Journal Eur J Hum Genet

Specialty Genetics

Date 2009 Oct 22

PMID 19844265

Citations 7

Authors

Valerie Malan

Suzanne Chevallier

Gwendoline Soler

Christine Coubes

Didier Lacombe

Laurent Pasquier

Jean Soulier

Nicole Morichon-Delvallez

Catherine Turleau

Arnold Munnich

Serge Romana

Michel Vekemans

Valerie Cormier-Daire

Laurence Colleaux

Affiliations

Soon will be listed here.

Abstract

Overgrowth syndromes are a heterogeneous group of conditions including endocrine hormone disorders, several genetic syndromes and other disorders with unknown etiopathogenesis. Among genetic causes, chromosomal deletions and duplications such as dup(4)(p16.3), dup(15)(q26qter), del(9)(q22.32q22.33), del(22)(q13) and del(5)(q35) have been identified in patients with overgrowth. Most of them, however, remain undetectable using banding karyotype analysis. In this study, we report on the analysis using a 1-Mb resolution array-based comparative genomic hybridization (CGH) of 93 patients with either a recognizable overgrowth condition (ie, Sotos syndrome or Weaver syndrome) or an unclassified overgrowth syndrome.
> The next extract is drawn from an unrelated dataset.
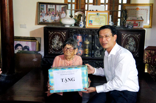 Đến thăm gia đình Mẹ Việt Nam anh hùng Lê Thị Đích, 101 tuổi, ở thôn Chợ Giá, xã Kênh Giang, Phó Chủ tịch HĐND thành phố Bùi Đức Quang chúc Mẹ dồi dào sức khỏe, sống lâu, tiếp tục phát huy truyền thống gia đình, là tấm gương sáng đối với thế hệ trẻ ở địa phương.

Five clinically relevant imbalances (three duplications and two deletions) were identified and the pathogenicity of two additional anomalies (one duplication and one deletion) is discussed. Altered segments ranged in size from 0.32 to 18.2 Mb, and no recurrent abnormality was identified. These results show that array-CGH provides a high diagnostic yield in patients with overgrowth syndromes and point to novel chromosomal regions associated with these conditions. Although chromosomal deletions are usually associated with growth retardation, we found that the majority of the imbalances detected in our patients are duplications. Besides their importance for diagnosis and genetic counseling, our results may allow to delineate new contiguous gene syndromes associated with overgrowth, pointing to new genes, the deregulation of which may be responsible for growth defect.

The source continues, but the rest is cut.